Predicting first time depression onset in pregnancy: applying machine learning methods to patient-reported data

Arch Womens Ment Health. 2024 May 22. doi: 10.1007/s00737-024-01474-w. Online ahead of print.

Abstract

Purpose: To develop a machine learning algorithm, using patient-reported data from early pregnancy, to predict later onset of first time moderate-to-severe depression.

Methods: A sample of 944 U.S. patient participants from a larger longitudinal observational cohortused a prenatal support mobile app from September 2019 to April 2022. Participants self-reported clinical and social risk factors during first trimester initiation of app use and completed voluntary depression screenings in each trimester. Several machine learning algorithms were applied to self-reported data, including a novel algorithm for causal discovery. Training and test datasets were built from a randomized 80/20 data split. Models were evaluated on their predictive accuracy and their simplicity (i.e., fewest variables required for prediction).

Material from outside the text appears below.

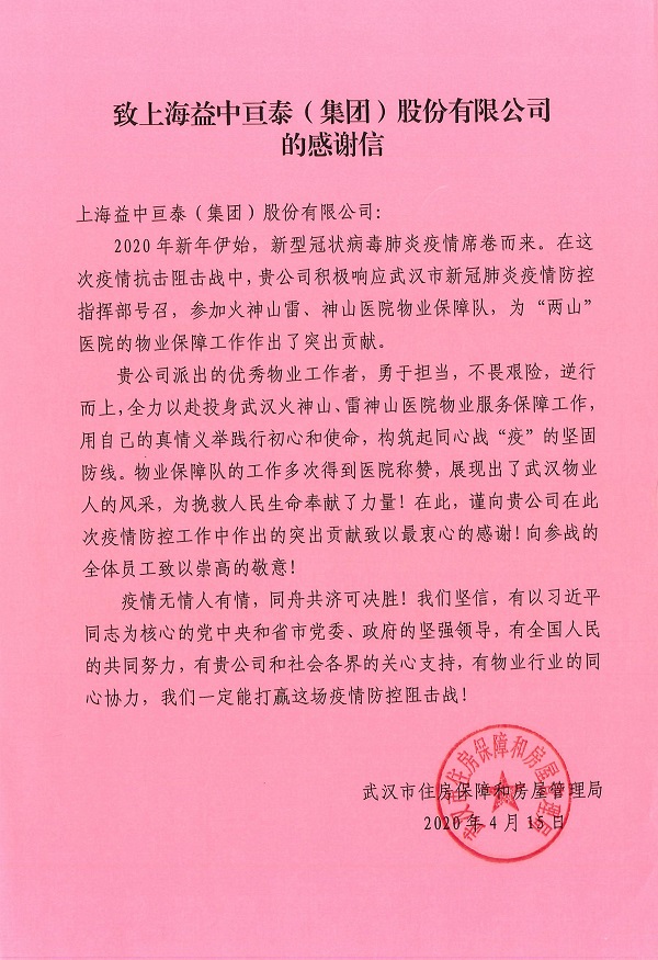 火神山、雷神山抗疫貢獻(xiàn)感謝信

Results: Among participants, 78% identified as white with an average age of 30 [IQR 26-34]; 61% had income ≥ $50,000; 70% had a college degree or higher; and 49% were nulliparous. All models accurately predicted first time moderate-severe depression using first trimester baseline data (AUC 0.74-0.89, sensitivity 0.35-0.81, specificity 0.78-0.95). Several predictors were common across models, including anxiety history, partnered status, psychosocial factors, and pregnancy-specific stressors. The optimal model used only 14 (26%) of the possible variables and had excellent accuracy (AUC = 0.89, sensitivity = 0.81, specificity = 0.83). When food insecurity reports were included among a subset of participants, demographics, including race and income, dropped out and the model became more accurate (AUC = 0.93) and simpler (9 variables).

Conclusion: A relatively small amount of self-report data produced a highly predictive model of first time depression among pregnant individuals.

Keywords: Depression; Machine learning; Mhealth; Pregnancy; Risk prediction; Social determinants of health.